:: WHAT IS NEEDED ::
Reproduce the listing below word for word, with no pictures.
RAW DATA below:
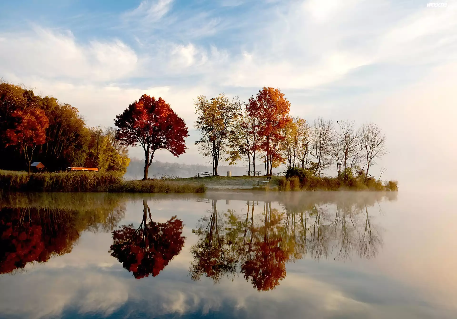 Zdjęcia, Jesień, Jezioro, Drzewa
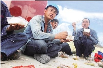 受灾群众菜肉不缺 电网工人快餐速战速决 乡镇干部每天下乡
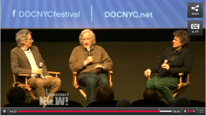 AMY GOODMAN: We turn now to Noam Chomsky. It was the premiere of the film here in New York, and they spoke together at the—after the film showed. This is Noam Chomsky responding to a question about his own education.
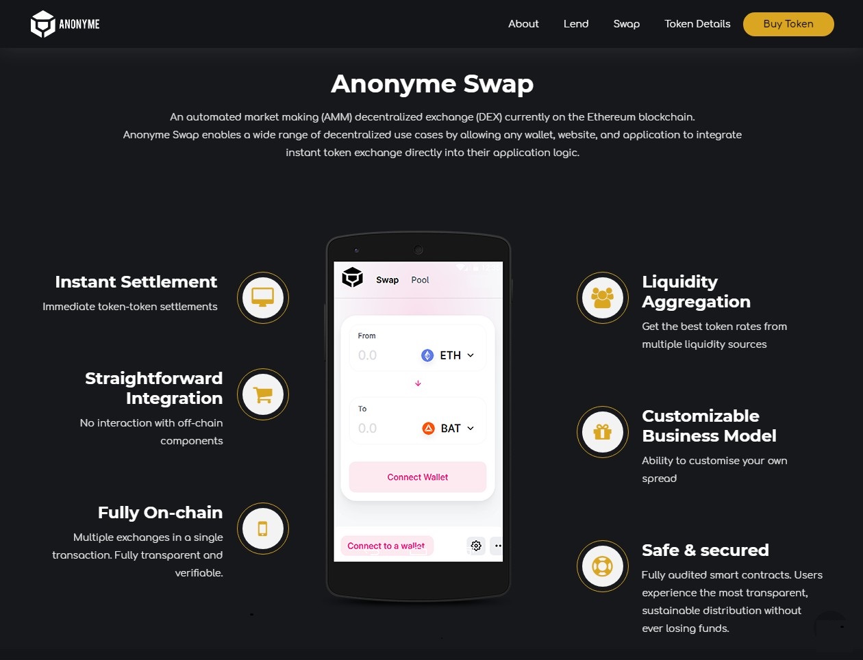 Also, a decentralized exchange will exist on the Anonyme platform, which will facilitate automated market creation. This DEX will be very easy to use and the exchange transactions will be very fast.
End of RAW DATA.
:: COMPLETED EXERCISE ::
 Zdjęcia, Jesień, Jezioro, Drzewa
 受灾群众菜肉不缺 电网工人快餐速战速决 乡镇干部每天下乡
 AMY GOODMAN: We turn now to Noam Chomsky. It was the premiere of the film here in New York, and they spoke together at the—after the film showed. This is Noam Chomsky responding to a question about his own education.
 Also, a decentralized exchange will exist on the Anonyme platform, which will facilitate automated market creation. This DEX will be very easy to use and the exchange transactions will be very fast.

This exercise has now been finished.